Southern Africa Resource Watch (SARW) hanno portato alla luce dati che dimostrano, fra 2011

e 2013, la presenza di un numero cospicuo di operatori minerari cinesi o sino-congolesi non registrati, i quali hanno svolto attività estrattive senza licenza lungo le rive del distretto Ituri. L’oro grezzo estratto da queste imprese, contrariamente a quanto richiesto dalla legge, non era valutato né tassato dal Centre d’Evaluation, d’Expertise et de Certification (CEEC) (Carish 2014, p.35).

Complessivamente, il quadro che emerge dall’analisi del mercato aurifero sino-africano risulta dunque assai complesso e delicato.
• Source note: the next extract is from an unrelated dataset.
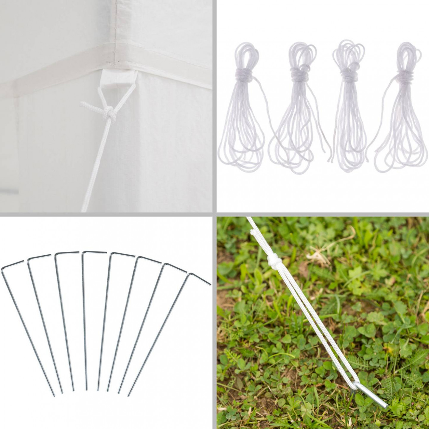 - Upevnění k zemi pomocí kolíků a provazů (součástí balení)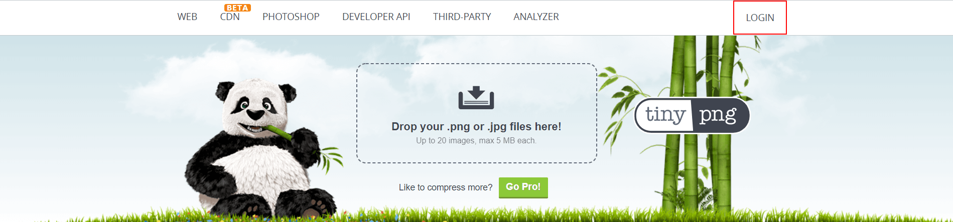 进入TinyPng的主页(https://tinypng.com/),在右上角进行注册:

Non solo l’attività estrattiva cinese ha avuto serie ripercussioni sociali, ambientali ed economiche su tutto il Continente Nero, ma essa manca anche di trasparenza, un elemento fondamentale ed alla base di qualsiasi rapporto commerciale solido e duraturo.

Cionondimeno, in un paese come l’Africa caratterizzato da una scarsa possibilità di trovare occupazione e da salari miseramente bassi, la produzione ed il commercio di oro -per vie legali o illegali- restano una delle principali risorse di cui il Paese dispone, nonché fattori chiave per la potenziale crescita ed il risollevamento dell’economia statale (Copparoni, 2017).

Di tutto ciò, Pechino si compiace e non poco. Difatti, è proprio tale fragile meccanismo che le consente di trarre benefici ineguagliabili dall’estrazione dell’oro africano e, più in generale, dal commercio aurifero con l’Africa.